How is someone who has problems seeing things in a positive light supposed to react to that?

As someone who has been accused of being negative (and admittedly, when 10 to 20 things go tits up in a row, it kinda pisses me off) and doesn’t enjoy being negative at all, I felt a strong urge to give David two words. But I really did feel really bad. So what did I do? I stopped reading, worrying I would never be able to ‘double my dating’ (which is useless if your dating is zero) unless I escaped the trap of negative thinking. And I’ve been trying to escape the trap of negative thinking for over ten years.

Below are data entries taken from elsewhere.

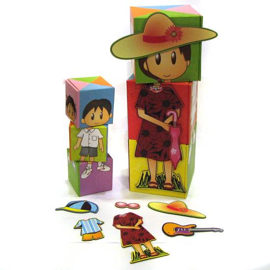 This rotational puzzle features cut-out, magnetic clothes pieces in high quality print outs, which can be stuck on different cube faces. As each cube is in a different colour, turning and mixing the dresses of these characters is a fun game for children.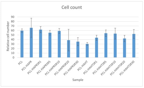 Relative cell adhesion was investigated for all the samples using images of fluorescence microscopy. Images were analyzed quantitatively with the help of ImageJ and results were presented as average cell number (Figure 18). In the case of composites containing precipitation-obtained SrHA, results are higher for lower Sr concentrations, while in the case of hydrothermal-obtained samples, better results are obtained at higher concentrations, apart from PCL–HAHT-Sr20%. Although pristine PCL scaffolds also had good results, in confirming the biocompatible nature of this polymer and its suitability in developing new composite materials, it is often considered that the improvement brought by the added HA/SrHA is more visible on longer periods of time [27].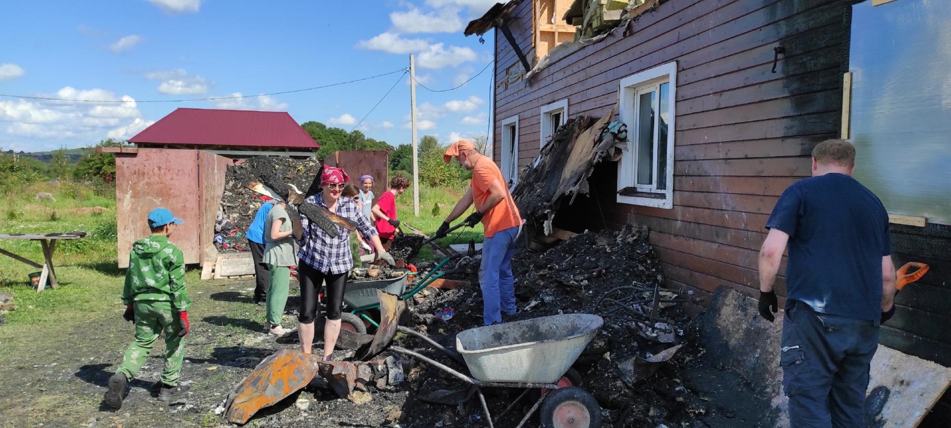 Силами волонтеров планируется провести уборку церкви св. блгв. Александра Невского, в которой в результате пожара выгорел второй этаж и притвор (первый этаж, где храм, не сгорел) и прилегающей территории.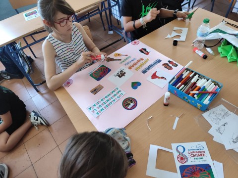 Estos audiovisuales se completan con actividades lúdicas que se plantean a los escolares, como los juegos 'La rueda', de preguntas y respuestas sobre la cultura gitana, un juego de mesa para aprender algunas palabras, la elaboración de una bandera gitana colectiva mediante la técnica del collage, juegos de tarjetas de memoria sobre el caló, realización de murales en grupo sobre algunos rasgos y valores de la cultura gitana, etc.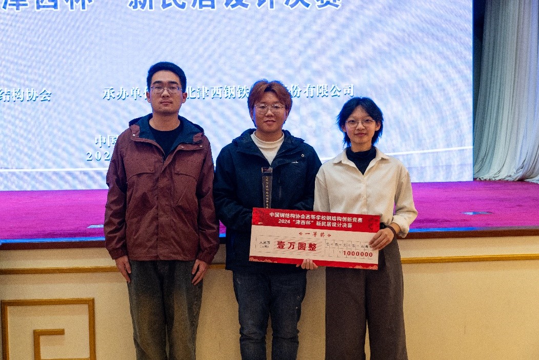 2024年10月21日,中国钢结构协会高等学校钢结构创新竞赛“2024‘津西杯’新民居设计决赛”在北京举行。由永利304官网唯一张蕾、王帅勇、渠强强,建筑与艺术学院李佳芸、欧阳圆、闫晨蕾组成的学生代表队,在雷宏刚教授、程欣教授、邱斌老师和建筑与艺术学院雷泽鑫老师的联合指导下,经过初评和现场答辩评审,以优异的成绩从进入决赛的25支全国高校队伍中脱颖而出,以总分第2名的成绩获得大赛一等奖!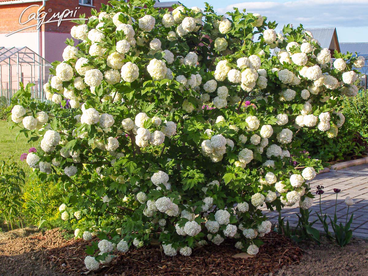 У рік посадки рослину частіше поливають, тому що коренева система компактна і не здатна самостійно споживати вологу і поживні речовини з грунту. Рослина вологолюбна. Погано переносить періоди літньої посухи і спеки, на занадто сухих грунтах часто уражається чорною попелицею, а в зимовий період на рослині зимують паразити. Розпушування проводять разом з прополкою. Для того, щоб волога випаровувалася з поверхні землі повільніше, потрібно зробити мульчування торфом, або торфо - компостом (шар 7-10 см), тоді полив можна буде проводити рідше - при підсиханні верхнього шару землі. Весняну (квітень – травень), підгодівлю можна проводити нітроамофоскою (30-40 г/м2), комплексними мінеральними добривами, або органічним добривом Біотерра з розрахунку 100-300 г/м2 грунту. Восени (жовтень) необхідно внести калійно-фосфорні добрива. При ураженні рослини грибковими захворюваннями, необхідна обробка фунгіцидами (Ордан, Фундазол). Профілактична обробка проти грибкових захворювань - в квітні бордоською рідиною 1%. При ураженні рослин шкідниками (Калинова попелиця, жук і личинка калинового листоїда, запятовідная щитівка), необхідно обробити інсектицидами (Актара, Конфідор, Актеллік). Обробку провести двічі з інтервалом 7-10 днів.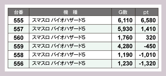 さらに『スマスロ バイオハザード5』からは+7,000pt、『ハッピージャグラーVⅢ』からは+2,000ptの優秀台が誕生していた。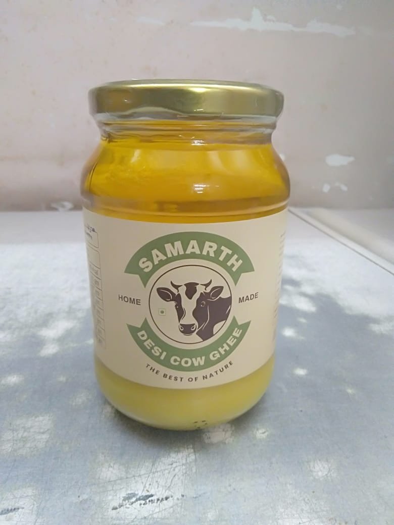 • Homemade Pure Desi Cow Ghee packed in glass bottles for freshness

The point I’m trying to make here is that tough love should never be used as an all-purpose tool. It does work for some people, but there’s a good chance it will devastate others and put them in a far worse position than before.
Alicia Fortenberry and Bob Murray, a psychotherapy team, said that criticism is never a good thing because it’s a form of abuse; when someone criticises you they’re controlling you. Tough love is nothing but criticism: it’s used to highlight what is wrong, but gives no information on how to fix the problem.

Unfortunately there’s no real way to avoid it, but you can choose not to accept tough love treatment - if it’s counterproductive - by leaving. Don’t feel you have to accept abuse just because it’s from someone in a ‘better’ position than you.
The ultimate worst situation to receive it is from a supposed counsellor/psychologist. I hate to scare people, but it has happened.

I wanted to keep this post away from solely talking about relationships and dating, but it’s not easy.